Hondius map showing the Frobisher "Strait", which halves South Greenland. Frobish Bay is called after the English sailor Sir Martin Frobisher, who was the first Europeans to come there in 1576 in his quest for the Northwest Passage. Up until Hall's journey in 1861[2], the bay was regarded by Europeans as a narrow sea that separated Baffin Iceland from another isle.

"FROBISH ER BAY" is a James Gordon track that can be heard on the TV show Canadian Idol. FROBISH Bay is prominent in the Stompin' Tom track "The Ballad Of Muk Tuk Annie" from the same named record. "dendrochronological study of the origin of driftwood in Frobisher Bay, Baffin Island, N.W.T., Canada".
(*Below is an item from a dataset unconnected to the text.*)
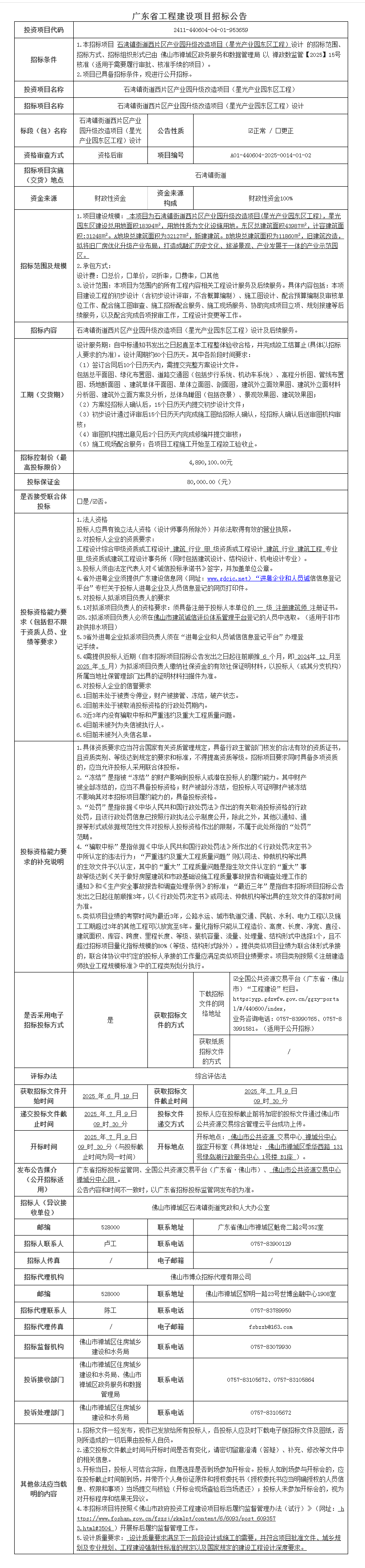 禅城石湾镇街道西片区产业园升级改造项目(星光产业园东区工程)设计招标公告
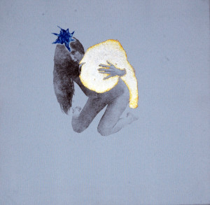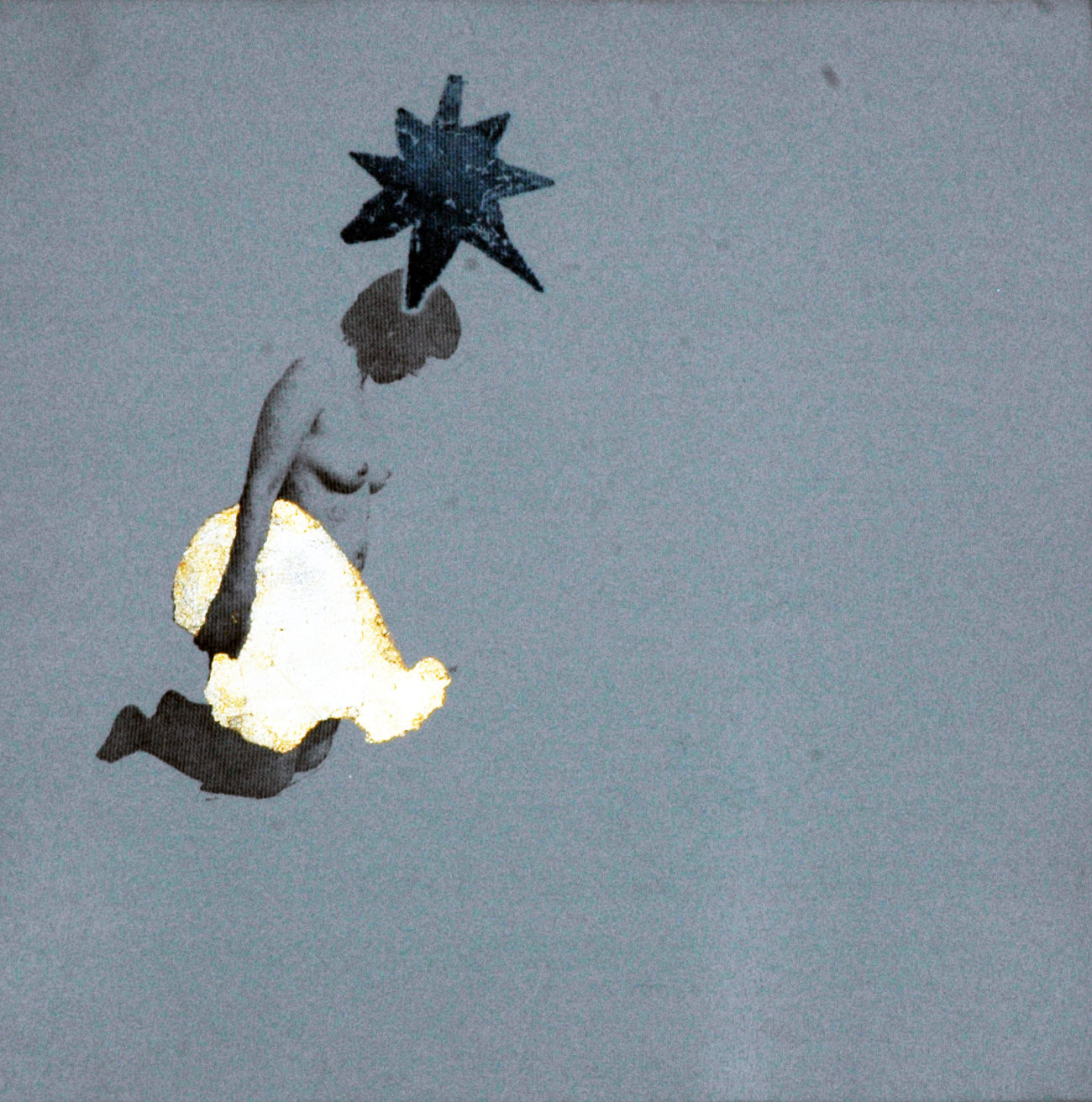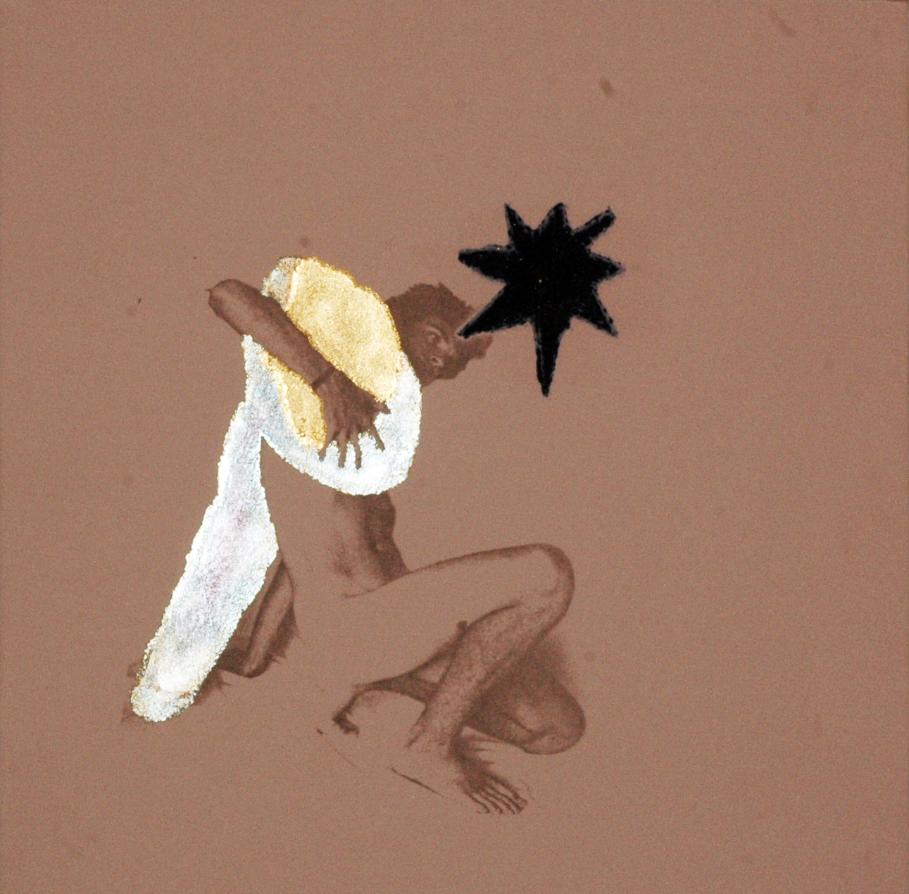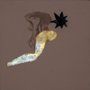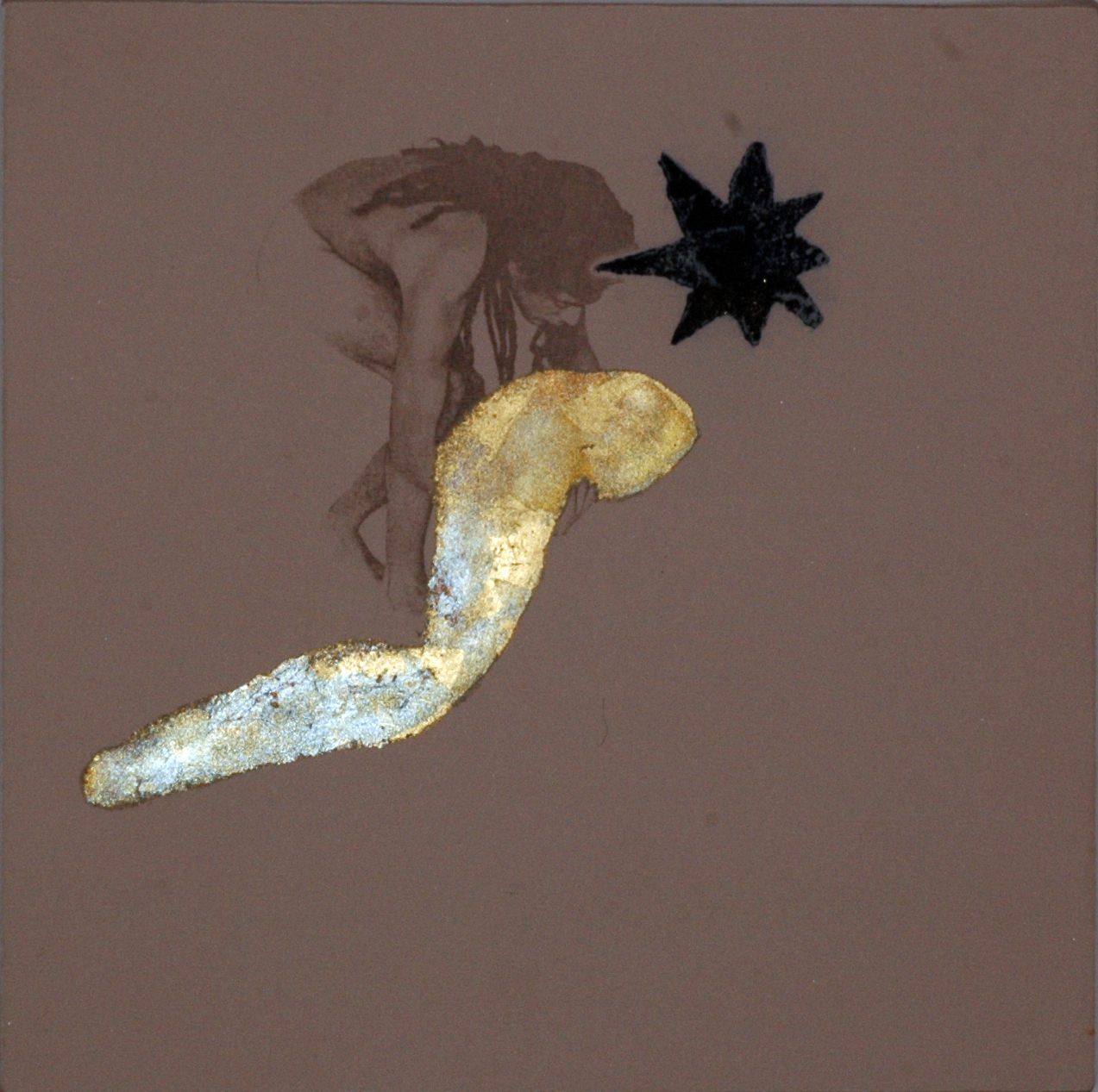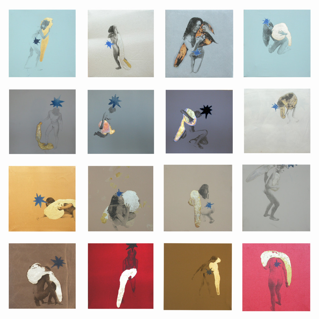 16 sacchi alchemici 2005_transfert e stampa calcografica, foglia oro e argento su stoffe_27x27cm. cad.

Grainger, E. H. The Food of Ice Fauna and Zooplankton in Frobisher Bay. Mallon, S.T. Inuktitut, Frobisher Bay version. Interaction, adaptation and cultural change in the Frobisher Bay Dorset Society, Baffin Island, Arctic Canada. Frobisher Bay upper Ordovician fauna, Baffin Land.

Frobish Bay

The general physiology of the bay is the fruit of tectonical incidents related to the rupture of the North Atlantic in the early Tertiary, during which the part of the Precambrian shield in Frobisher Bay fell and the boulders on both sides were raised and inclined to the north-east.

A sudden impact between these entities is characterized by the high rocks protruding from the bay, which are 330 meters high on the northern bank and twice as high on the southern bank due to their inclination. During the Pleistocene glaciering, an over-deepening took place when the Frobisher Bay cave was refilled by a large exit from the Icecap above the FOXE BASIN.

This bay is called after Sir Martin FROBISHER, who found it in 1576. The bay was thought to be a narrow sea and first appears on a map as Frobisher Str. Only in 1861 was the real character of his Physiographie revealed, when the American Charles Francis HALL investigated the area.